See examples/streaming_mode.py for comprehensive examples involving ClaudeSDKClient. You can even run interactive examples in IPython from examples/streaming_mode_ipython.py.
Migrating from Claude Code SDK
If you're upgrading from the Claude Code SDK (versions < 0.1.0), please see the CHANGELOG.md for details on breaking changes and new features, including:
ClaudeCodeOptions→ClaudeAgentOptionsrename- Merged system prompt configuration
- Settings isolation and explicit control
- New programmatic subagents and session forking features
Development
If you're contributing to this project, run the initial setup script to install git hooks:
./scripts/initial-setup.sh
This installs a pre-push hook that runs lint checks before pushing, matching the CI workflow. To skip the hook temporarily, use git push --no-verify.
Building Wheels Locally
To build wheels with the bundled Claude Code CLI:
# Install build dependencies
pip install build twine
# Build wheel with bundled CLI
python scripts/build_wheel.py
# Build with specific version
python scripts/build_wheel.py --version 0.1.4
# Build with specific CLI version
python scripts/build_wheel.py --cli-version 2.0.0
# Clean bundled CLI after building
python scripts/build_wheel.py --clean
# Skip CLI download (use existing)
python scripts/build_wheel.py --skip-download
The build script:
- Downloads Claude Code CLI for your platform
- Bundles it in the wheel
- Builds both wheel and source distribution
- Checks the package with twine
See python scripts/build_wheel.py --help for all options.
Release Workflow
The package is published to PyPI via the GitHub Actions workflow in .github/workflows/publish.yml.

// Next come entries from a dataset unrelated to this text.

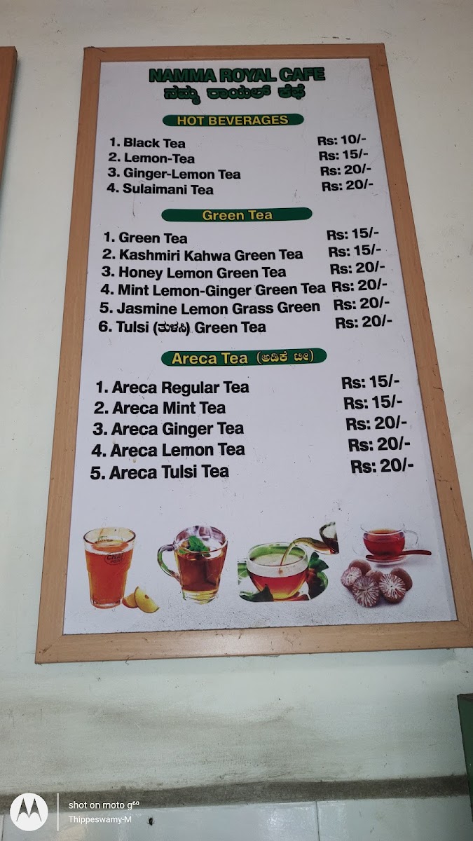 NAMMA ROYAL CAFE is a charming little gem nestled on Bandihatti Rd in the bustling Cowl Bazaar of Ballari, Karnataka. While it may be small in size, it certainly makes up for it with an impressive array of teas and a warm, inviting atmosphere that beckons both locals and visitors alike.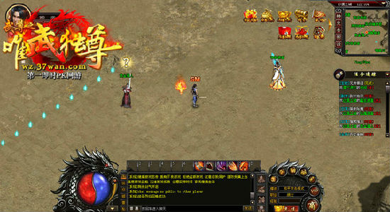 37wan《武尊》之“唯武独尊”新版公测之后,首先变化的就是游戏的UI界面。与原来的界面相比,“唯武独尊”新版UI界面在外观上更为简洁大方,霸气外露!如游戏中“角色”、“包囊”、“技能”等功能按钮不再排成一行,而是汇聚成半圆,使所占的界面空间更少,从而避免玩家在战斗中误点按钮;又如表示血量与怒气值的红蓝半球上将环绕黑龙,真是霸气尽显!更多的人性化界面更新不胜枚举,只待玩家细细体验!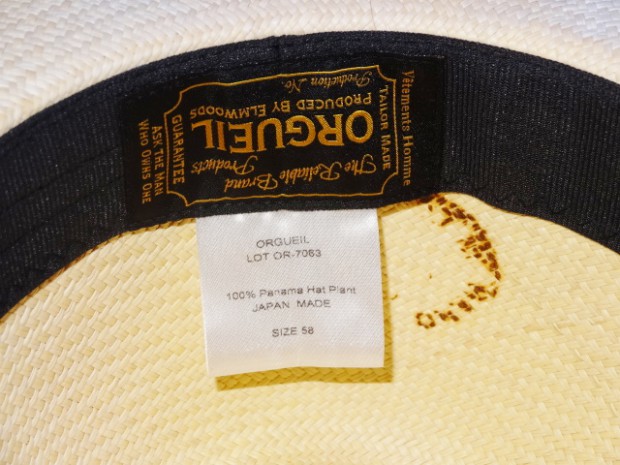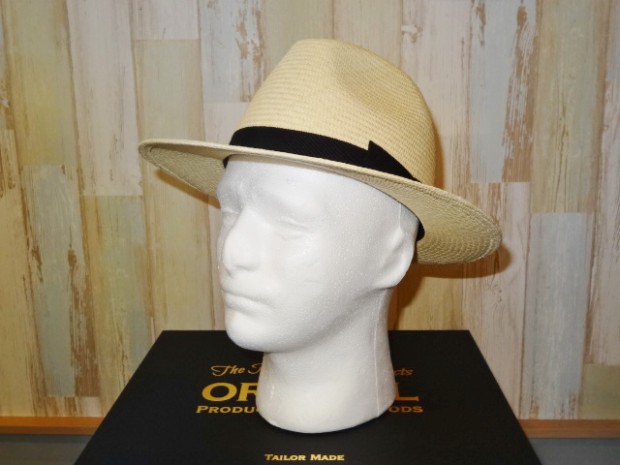 【オルゲイユ】 パナマハット 本パナマと呼ばれる南米、エクアドルのトキヤ草の質の良いモノだけを使い編み上げたアイテム。目が詰まって上品な光沢感がある網代編み。細かく丁寧な仕事ぶりをかいまみる事が出来る作品。すべり裏には、サイズ調整ベルトが付いているのも嬉しい。 オルゲイユオリジナルボックス付き。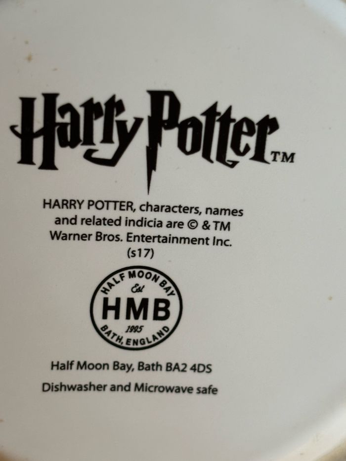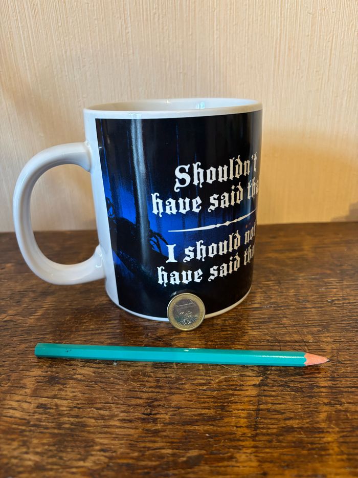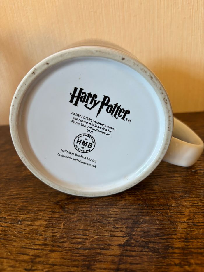 Vend tasse géante (mug) Harry Potter - Rubeus Hagrid Avec anse en céramique contenance approximative 700 ml, Marque Half Moon Bay Dimensions : 12,5 (h) x 11 (d) cm Poids 780 g Tasse sous licence officielle Harry Potter. principalement noire intérieur et anse blancs. Decor : d’un coté image du personnage Rubeus Hagrid, (le garde-chasse de Poudlard), vêtu de son manteau en fourrure sur un fond sombre bleuté. De l’autre côté, une citation emblématique de Hagrid est inscrite en caractères gothiques : “Shouldn’t have said that. I should not have said that.” (Traduction : “Je n’aurais pas dû dire ça. Je n’aurais vraiment pas dû dire ça.”), réplique célèbre du personnage dans les films. Sous la tasse, on trouve le logo Harry Potter™, ainsi que des mentions légales indiquant qu’il s’agit d’un produit officiel sous licence Warner Bros, fabriqué par Half Moon Bay. Tasse compatible avec le lave-vaisselle et le micro-ondes. Objet de collection rare à la vente. Idéal pour les fans de Harry Potter, en particulier ceux qui aiment le personnage de Hagrid. Cette tasse est en excellent état. Elle était dans une vitrine! Maison non-fumeur et sans animaux. Vendu 15 €.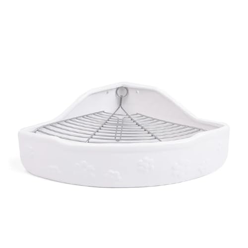 Keramik-Kaninchentoilette mit Gitter, Eck-montiertes Trainingstöpfchen für Hamster/Chinchillas, kaufeste Toilettenablage (Weiß, S)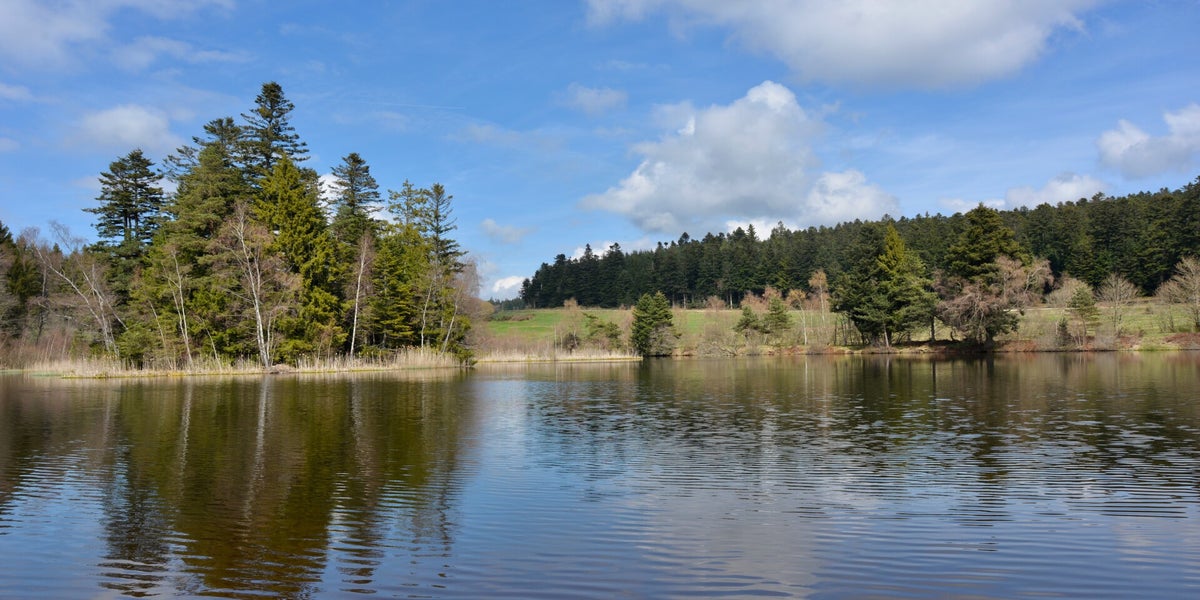 Ce jeudi, la forêt était à la marge. En lisière de bois on cheminait aussi parmi les prairies, repeintes de frais en vert et piquées du jaune des pissenlits ou des toutes fraîches coroles de jonquilles, voire des massifs de boutons d’or sur les pierres d’un ruisseau sauvage. Calmes et domestiqués en revanche, les étangs de Prélager font la queue paisiblement. Surprenant, le chemin de Pétaloup dallé à la romaine ; merveilleux, ce chemin bordé de murs de pierres traversant une hêtraie inattendue. On y croirait rencontrer Merlin. Voilà donc une expérience nouvelle de Valadon, très colorée par un temps idéal.
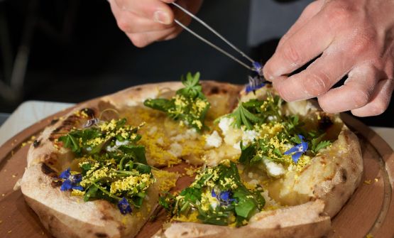 Fior di Cotto (fiordilatte, prosciutto cotto, fiori di zucca, burrata e polvere di olive), nonchè la speciale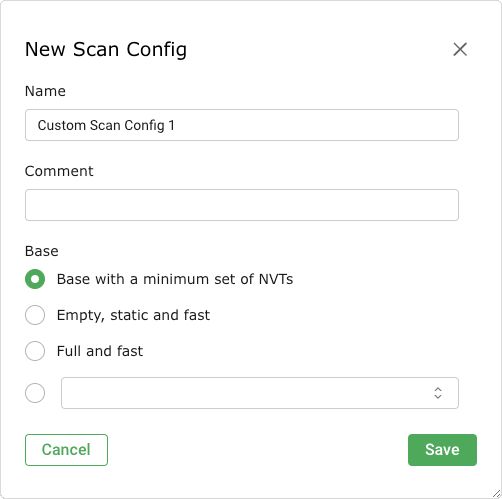 The format of the report can be chosen from the installed report formats. If a customizable report format is selected (Customizable CSV Results, Topology SVG, Verinice ISM or Verinice ISM all results), a report configuration can be chosen as well.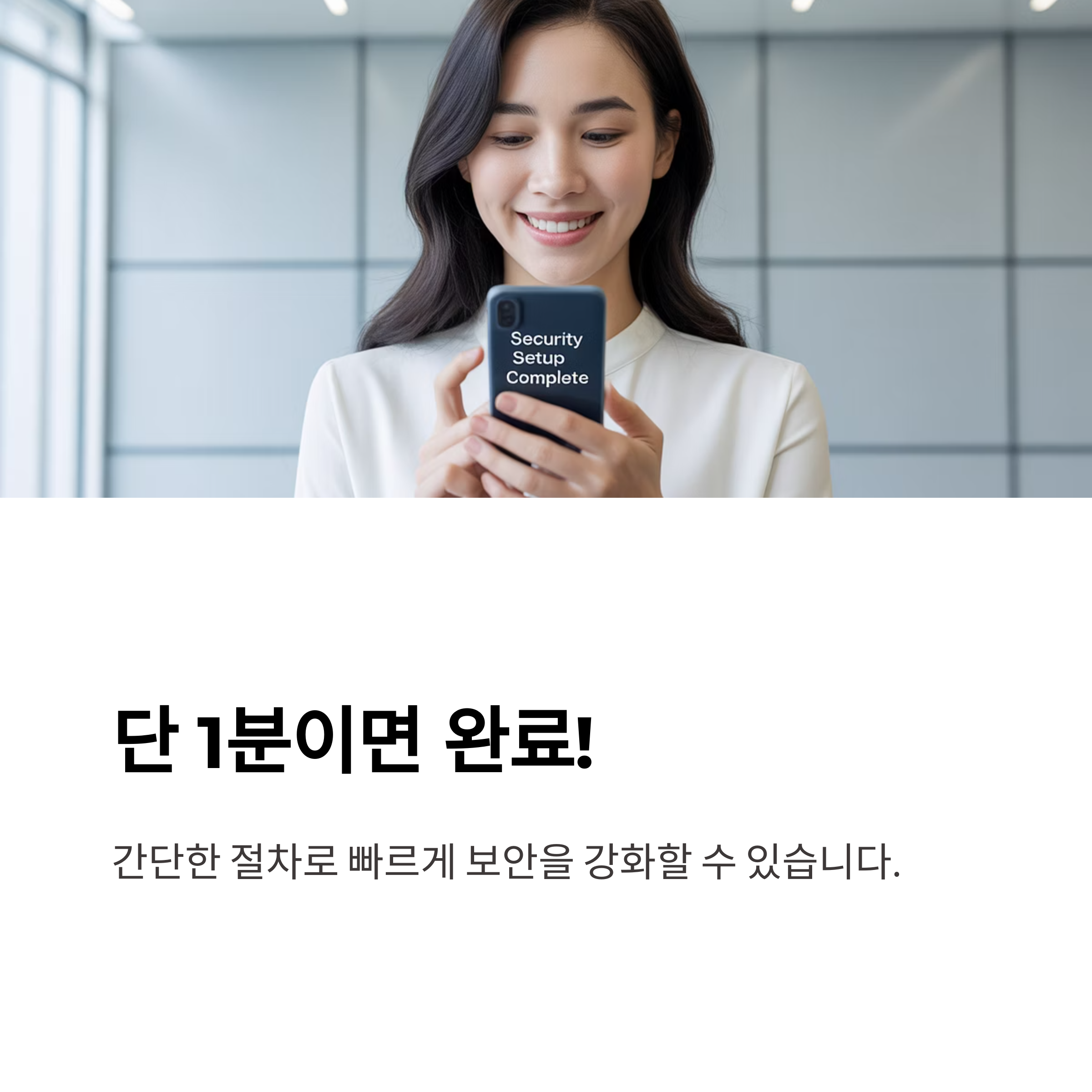 단 1분이면 완료되는 절차로, 보안이 강화됩니다.

To create a new release:
-
Trigger the workflow manually from the Actions tab with two inputs:
version: The package version to publish (e.g.,0.1.5)claude_code_version: The Claude Code CLI version to bundle (e.g.,2.0.0orlatest)
-
The workflow will:
- Build platform-specific wheels for macOS, Linux, and Windows
- Bundle the specified Claude Code CLI version in each wheel
- Build a source distribution
- Publish all artifacts to PyPI
- Create a release branch with version updates
- Open a PR to main with:
- Updated
pyproject.tomlversion - Updated
src/claude_agent_sdk/_version.py - Updated
src/claude_agent_sdk/_cli_version.pywith bundled CLI version - Auto-generated
CHANGELOG.mdentry
- Updated
-
Review and merge the release PR to update main with the new version information
The workflow tracks both the package version and the bundled CLI version separately, allowing you to release a new package version with an updated CLI without code changes.
License and terms
Use of this SDK is governed by Anthropic's Commercial Terms of Service, including when you use it to power products and services that you make available to your own customers and end users, except to the extent a specific component or dependency is covered by a different license as indicated in that component's LICENSE file.